Anthropomorphisme et Zoomorphisme

vendredi, juillet 24th, 2015

imageAnthropomorphisme : attribuer à des animaux ( des objets) des caractéristiques propres à l’homme, Zoomorphisme : utiliser les formes animales dans différents types de représentation. Pas si simple,  les échanges entre l’animal et l’homme sont en train de prendre un cours particulier. Si l’homme ne change pas fondamentalement quand on lui a  greffé des valves cardiaques d’origine porcine, ou posé du corail pour restructurer un os, que devient une souris à qui l’on a greffé des cellules gliales foetales d’origine humaine ? (When Does a Smarht Mouse Become Human? http://www.the-scientist.com/?articles.view/articleNo/43327/title/When-Does-a-Smart-Mouse-Become-Human-/). On peut arguer du fait que la valve appartient toujours à l’extériorité de l’individu, qu’il s’agit bel et bien toujours d’un non soi. Pour le corail, l’accaparation par les cellules osseuses d’un matériel osteoconducteur rend la distinction plus difficile. Elle le sera plus encore quand des cellules souches auront été cultivées sur un squelette de corail. C’est un pas de plus qui est franchi quand on entre dans le domaine des manipulations génétiques puisqu’elles autorisent la mise en place d’un nouveau soi. La question est donc de savoir quelles sont les caractéristiques qui permettent de définir l’humanité par rapport à l’animalité. Les avis sont nombreux et plus anciens les uns que les autres, voire également plus humoristiques les uns que les autres, mais il n’existe encore aujourd’hui aucune réponse satisfaisante.
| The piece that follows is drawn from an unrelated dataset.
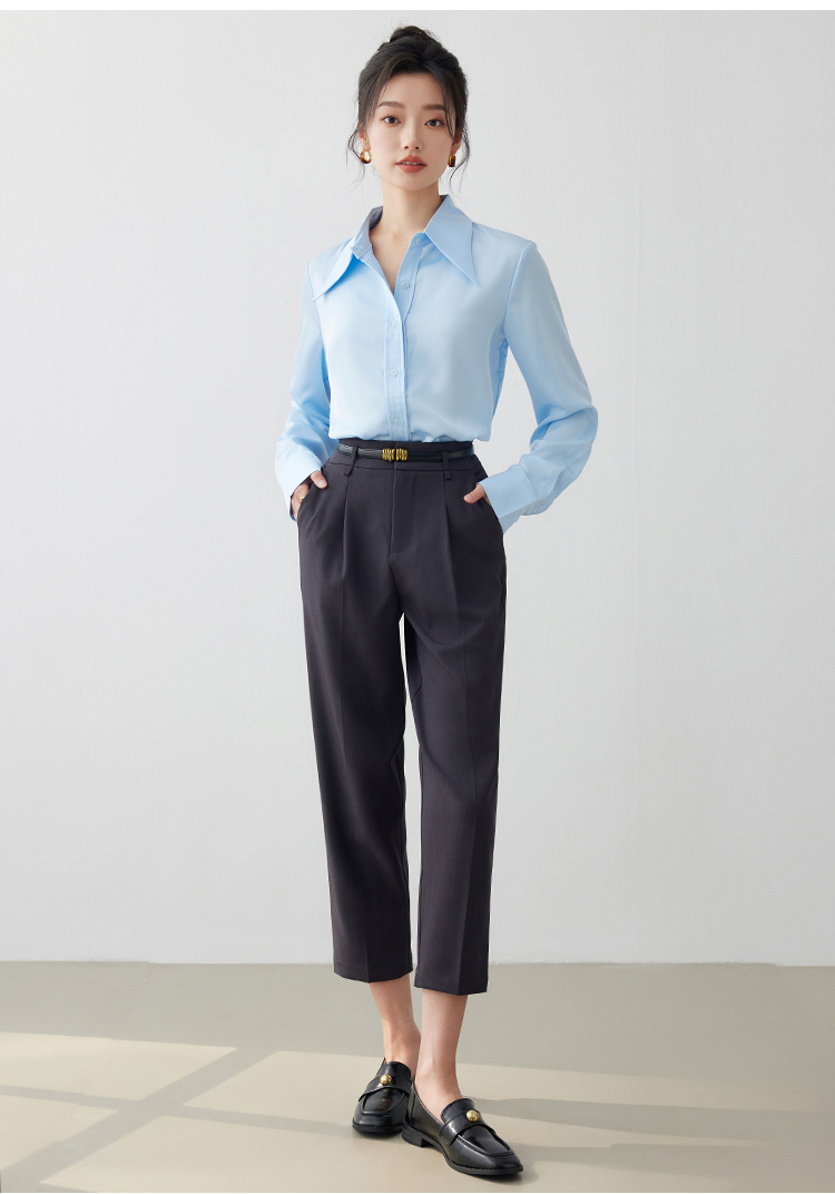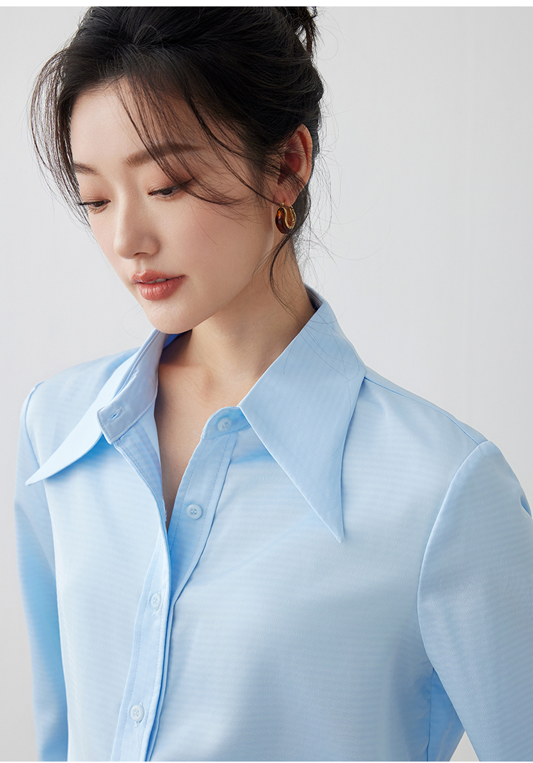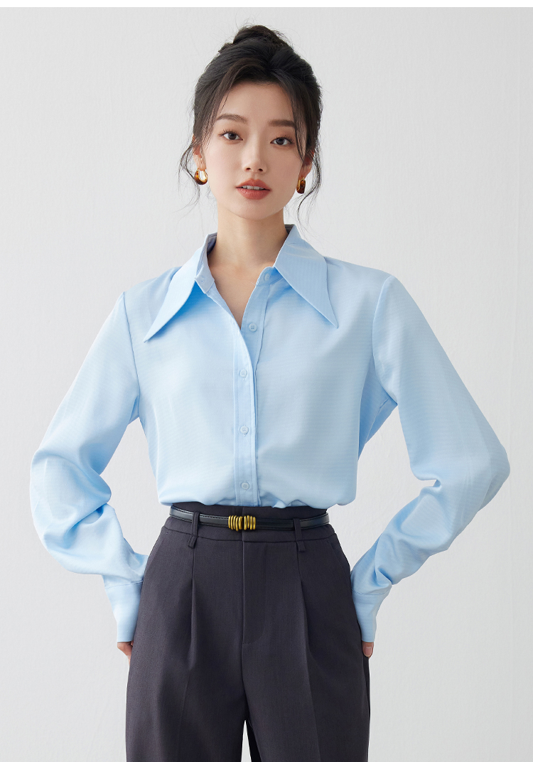 IWY/早春新款蓝色衬衫女气质商务国考公务员面试西装内搭AB195

L’homme serait le seul à avoir conscience de sa finitude et il est vrai que la conduite de l’animal n’invite pas à penser qu’il possède cette conscience, mais l’argument reste fragile ! L’homme réparé et l’animal préparé participent à un drôle de mélange des genres !! L’un fait un pas vers l’autre et inversement, de telle sorte que dans peu de temps (certainement !) il faudra bien qu’ils se comprennent de nouveau comme dans les temps mythiques !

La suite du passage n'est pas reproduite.